Copy the records below word for word, from the first line through the line that contains "Шикарный торт на", and leave out any pictures.
»»
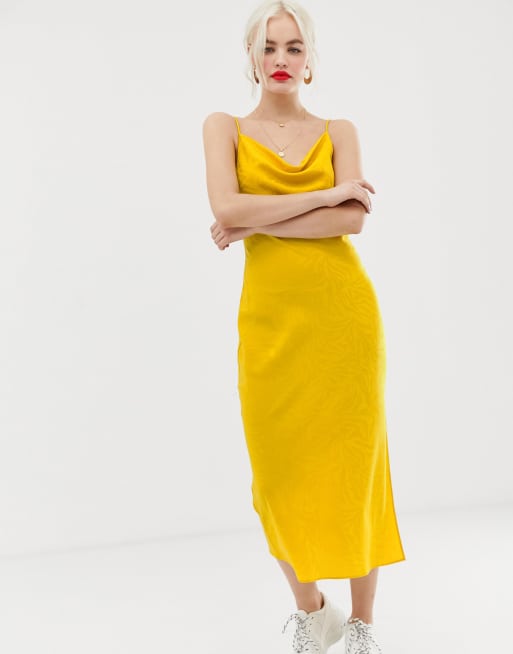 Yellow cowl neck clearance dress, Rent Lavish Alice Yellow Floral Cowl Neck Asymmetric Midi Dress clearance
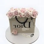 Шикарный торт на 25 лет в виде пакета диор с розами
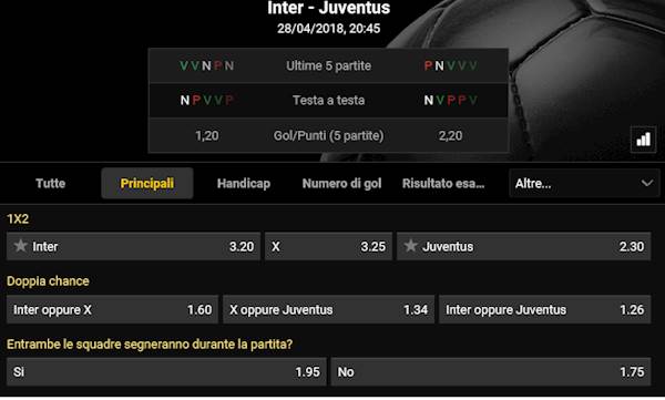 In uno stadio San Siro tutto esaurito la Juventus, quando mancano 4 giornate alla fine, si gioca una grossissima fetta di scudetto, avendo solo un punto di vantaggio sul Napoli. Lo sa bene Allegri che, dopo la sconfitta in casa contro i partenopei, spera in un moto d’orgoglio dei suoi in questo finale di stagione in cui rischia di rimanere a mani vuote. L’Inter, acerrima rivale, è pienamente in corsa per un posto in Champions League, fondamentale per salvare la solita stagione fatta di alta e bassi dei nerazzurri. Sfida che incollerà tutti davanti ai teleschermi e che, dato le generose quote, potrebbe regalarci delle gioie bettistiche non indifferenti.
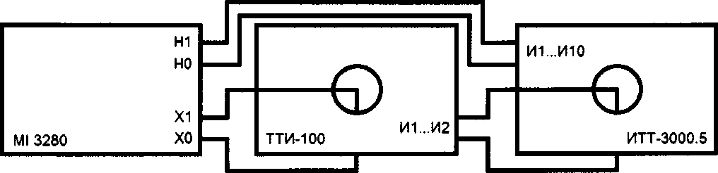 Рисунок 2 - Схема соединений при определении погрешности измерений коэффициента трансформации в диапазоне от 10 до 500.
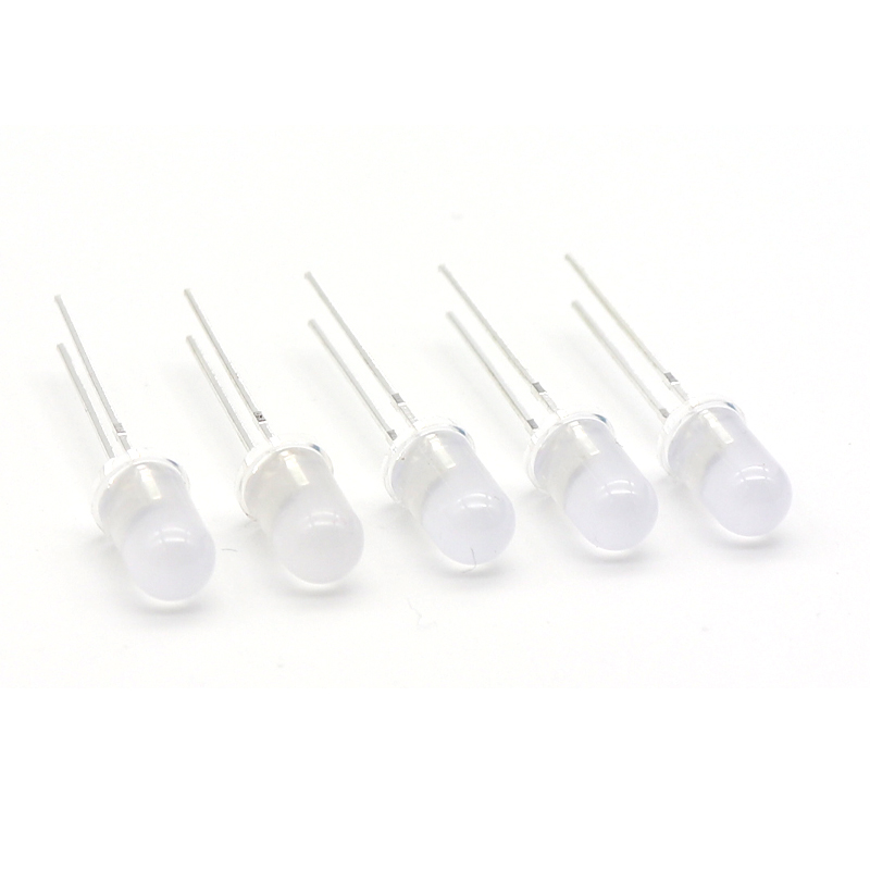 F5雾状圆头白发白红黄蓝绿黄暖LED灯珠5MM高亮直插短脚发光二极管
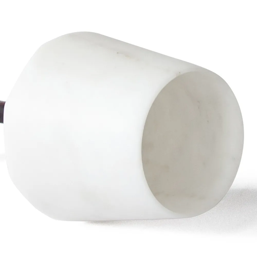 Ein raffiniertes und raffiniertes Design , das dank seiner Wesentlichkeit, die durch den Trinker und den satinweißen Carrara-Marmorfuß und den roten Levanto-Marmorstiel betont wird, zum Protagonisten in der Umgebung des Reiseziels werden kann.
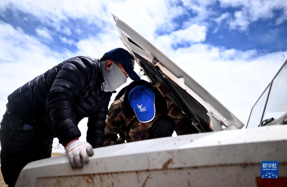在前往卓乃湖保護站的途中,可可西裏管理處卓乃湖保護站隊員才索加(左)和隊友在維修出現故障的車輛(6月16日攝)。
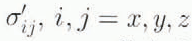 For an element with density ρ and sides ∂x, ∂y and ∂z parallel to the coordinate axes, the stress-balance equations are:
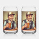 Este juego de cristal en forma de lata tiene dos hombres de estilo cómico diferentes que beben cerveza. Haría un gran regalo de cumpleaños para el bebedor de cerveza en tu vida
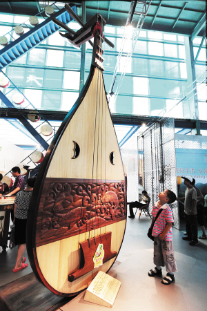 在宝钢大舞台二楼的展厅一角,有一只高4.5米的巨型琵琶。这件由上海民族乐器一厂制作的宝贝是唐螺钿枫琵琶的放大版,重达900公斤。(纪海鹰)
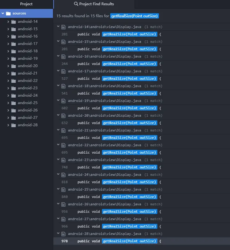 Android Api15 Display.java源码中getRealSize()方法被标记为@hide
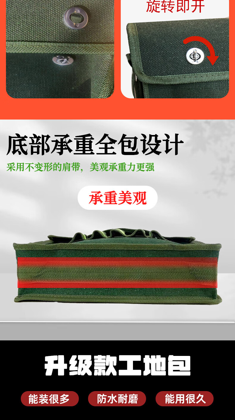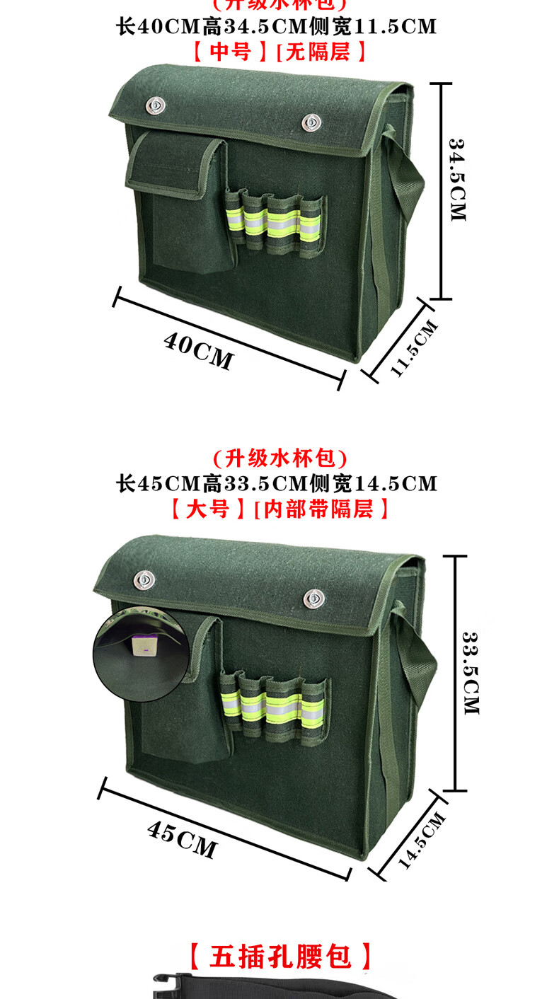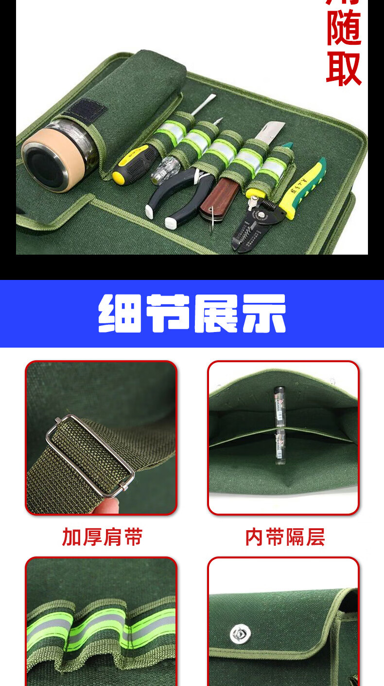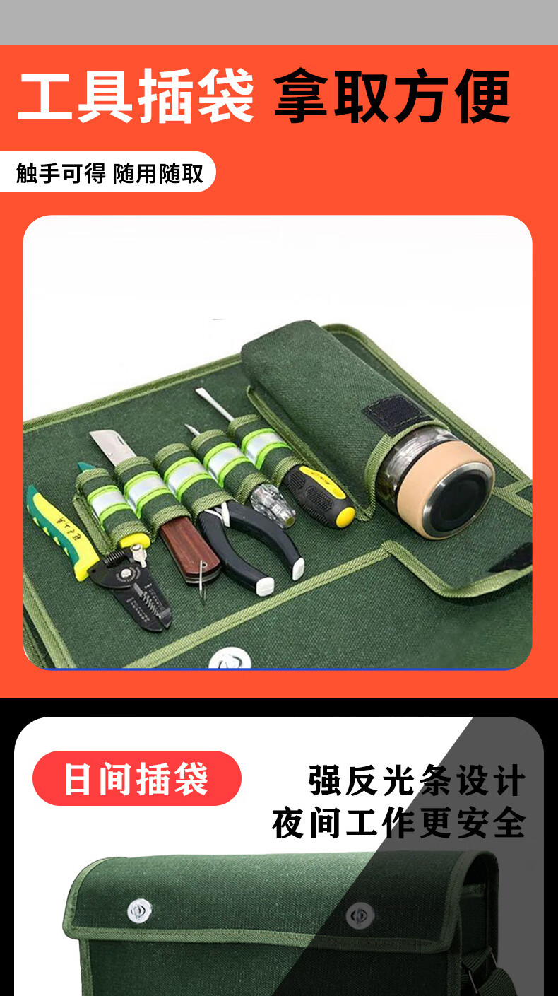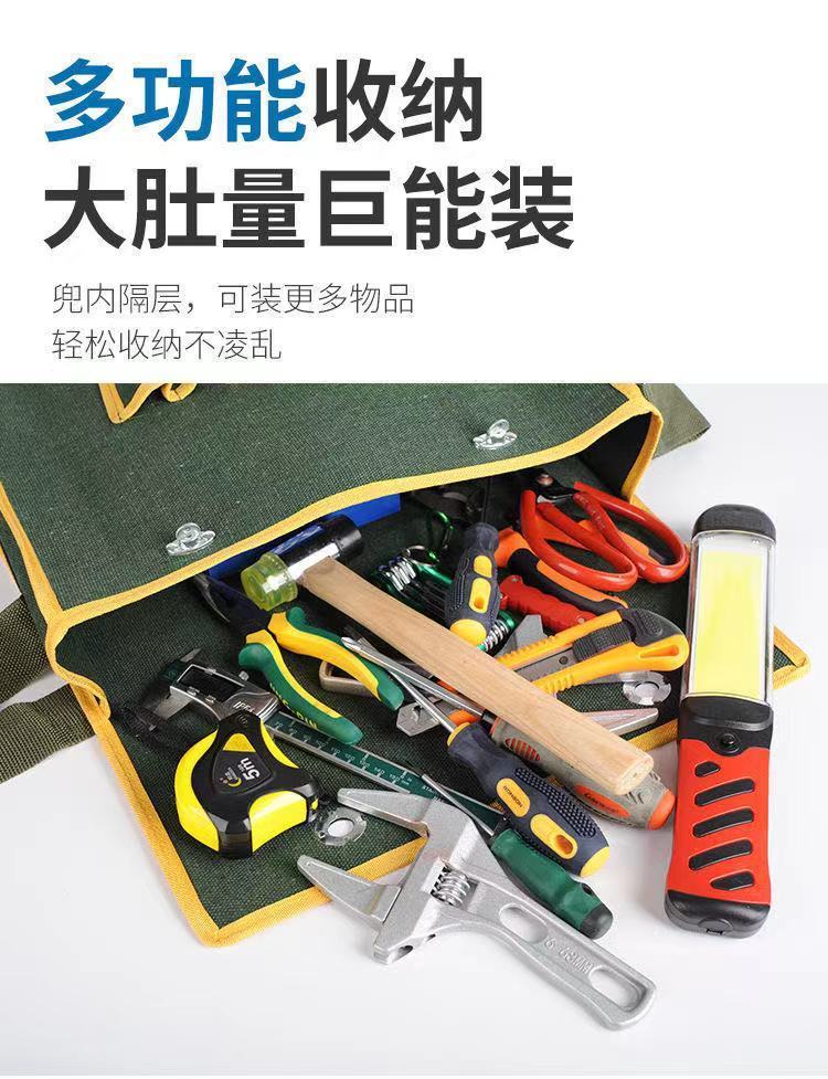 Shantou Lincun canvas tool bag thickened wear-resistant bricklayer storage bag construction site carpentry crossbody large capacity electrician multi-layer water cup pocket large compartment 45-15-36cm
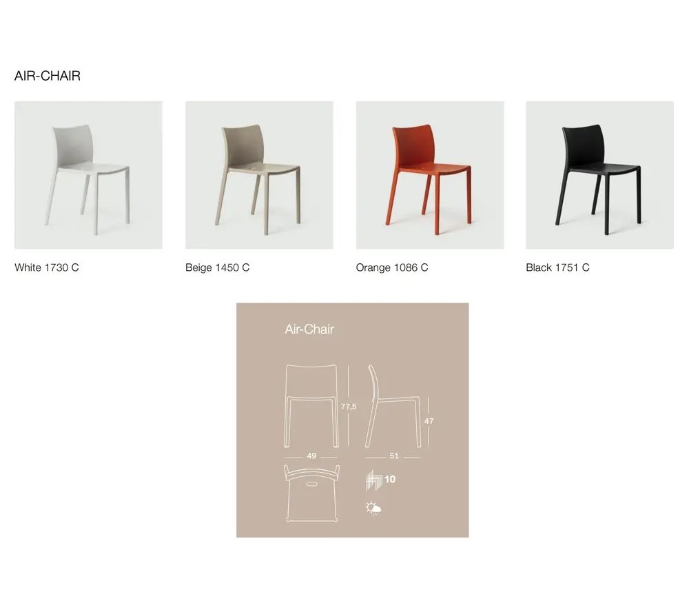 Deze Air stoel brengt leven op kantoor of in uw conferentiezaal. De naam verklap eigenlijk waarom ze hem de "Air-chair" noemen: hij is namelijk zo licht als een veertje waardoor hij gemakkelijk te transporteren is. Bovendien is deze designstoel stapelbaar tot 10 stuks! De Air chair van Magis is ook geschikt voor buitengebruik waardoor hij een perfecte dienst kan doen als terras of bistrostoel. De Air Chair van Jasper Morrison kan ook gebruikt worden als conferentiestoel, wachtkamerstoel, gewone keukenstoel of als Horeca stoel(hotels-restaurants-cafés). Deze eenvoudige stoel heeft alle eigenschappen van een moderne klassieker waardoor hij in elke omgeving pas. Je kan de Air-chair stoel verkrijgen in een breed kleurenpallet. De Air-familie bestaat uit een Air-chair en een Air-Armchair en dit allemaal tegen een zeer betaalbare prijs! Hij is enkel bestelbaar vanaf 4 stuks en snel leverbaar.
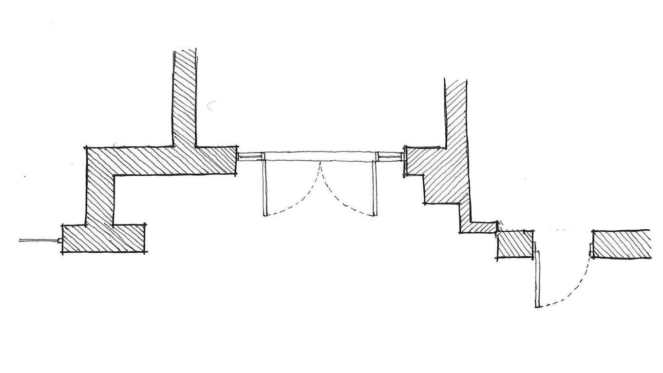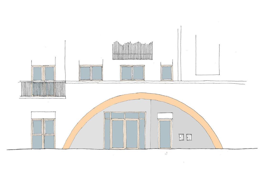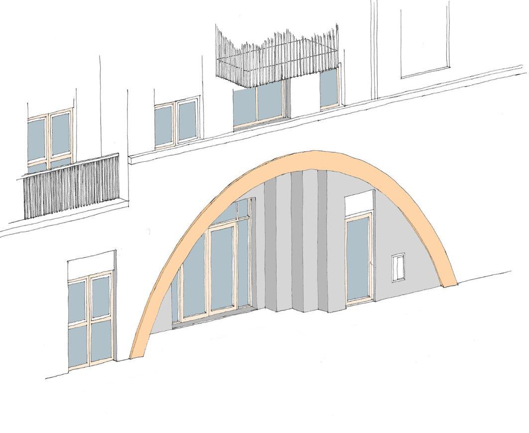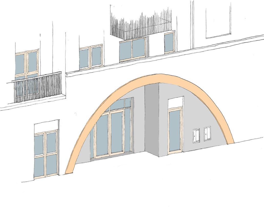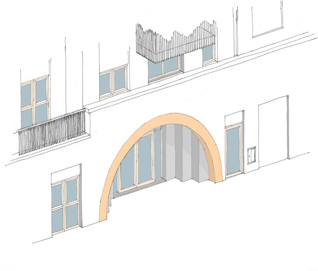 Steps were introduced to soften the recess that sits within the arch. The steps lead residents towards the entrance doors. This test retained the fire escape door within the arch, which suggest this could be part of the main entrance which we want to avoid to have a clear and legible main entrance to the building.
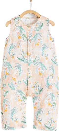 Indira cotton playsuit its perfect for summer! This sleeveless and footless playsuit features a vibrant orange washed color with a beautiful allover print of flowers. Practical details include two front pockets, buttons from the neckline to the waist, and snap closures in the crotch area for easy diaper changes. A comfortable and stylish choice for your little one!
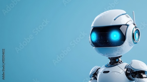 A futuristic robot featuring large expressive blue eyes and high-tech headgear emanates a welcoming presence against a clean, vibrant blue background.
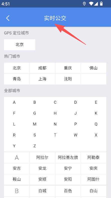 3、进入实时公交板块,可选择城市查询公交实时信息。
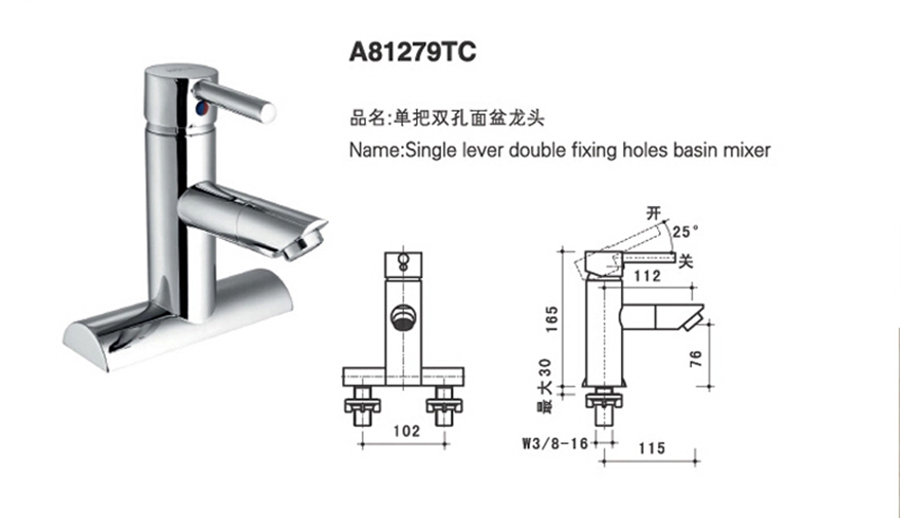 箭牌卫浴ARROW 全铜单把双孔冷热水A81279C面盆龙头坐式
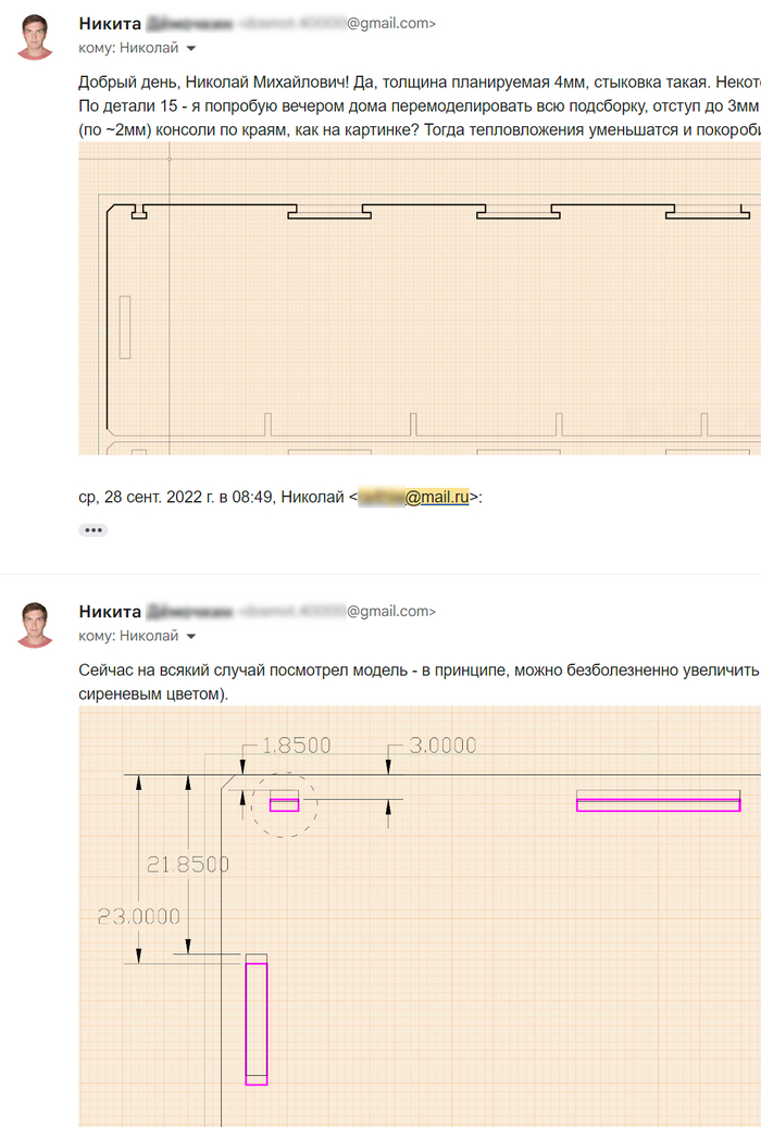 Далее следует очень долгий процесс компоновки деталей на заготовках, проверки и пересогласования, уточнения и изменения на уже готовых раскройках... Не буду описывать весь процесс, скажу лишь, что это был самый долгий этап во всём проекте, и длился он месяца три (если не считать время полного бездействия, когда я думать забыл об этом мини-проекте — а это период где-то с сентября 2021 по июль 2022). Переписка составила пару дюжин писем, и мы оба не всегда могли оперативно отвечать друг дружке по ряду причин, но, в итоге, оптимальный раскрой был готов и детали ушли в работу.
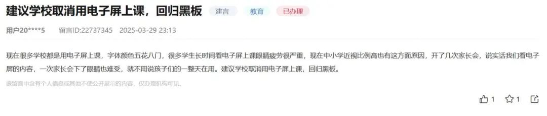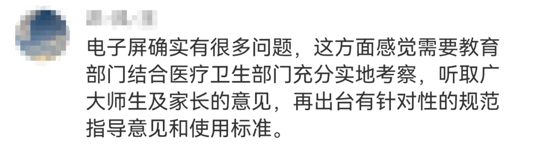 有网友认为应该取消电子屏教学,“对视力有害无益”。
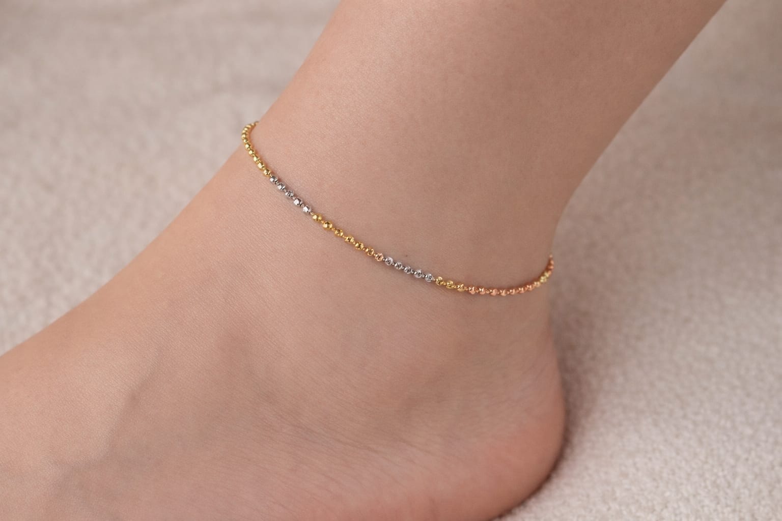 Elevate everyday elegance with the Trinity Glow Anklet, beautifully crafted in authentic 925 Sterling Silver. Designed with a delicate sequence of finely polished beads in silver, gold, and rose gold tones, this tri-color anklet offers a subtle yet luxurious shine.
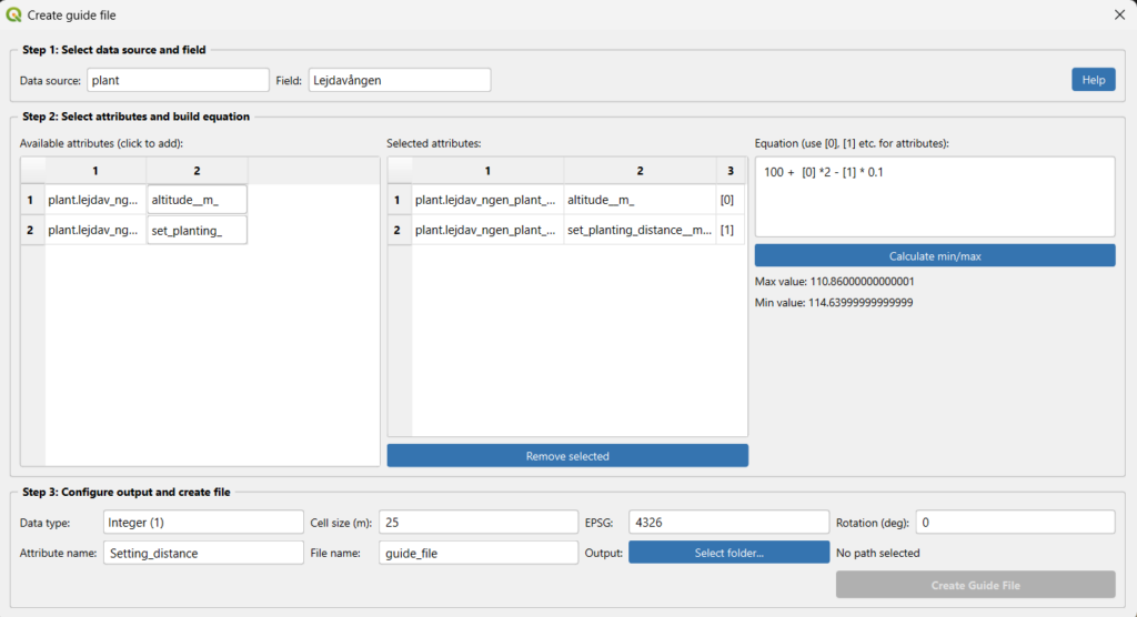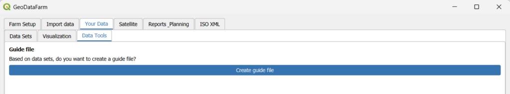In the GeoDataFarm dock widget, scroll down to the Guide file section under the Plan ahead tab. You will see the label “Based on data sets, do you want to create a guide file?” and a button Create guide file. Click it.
««
#### Task response:
 Yellow cowl neck clearance dress, Rent Lavish Alice Yellow Floral Cowl Neck Asymmetric Midi Dress clearance
 Шикарный торт на 25 лет в виде пакета диор с розами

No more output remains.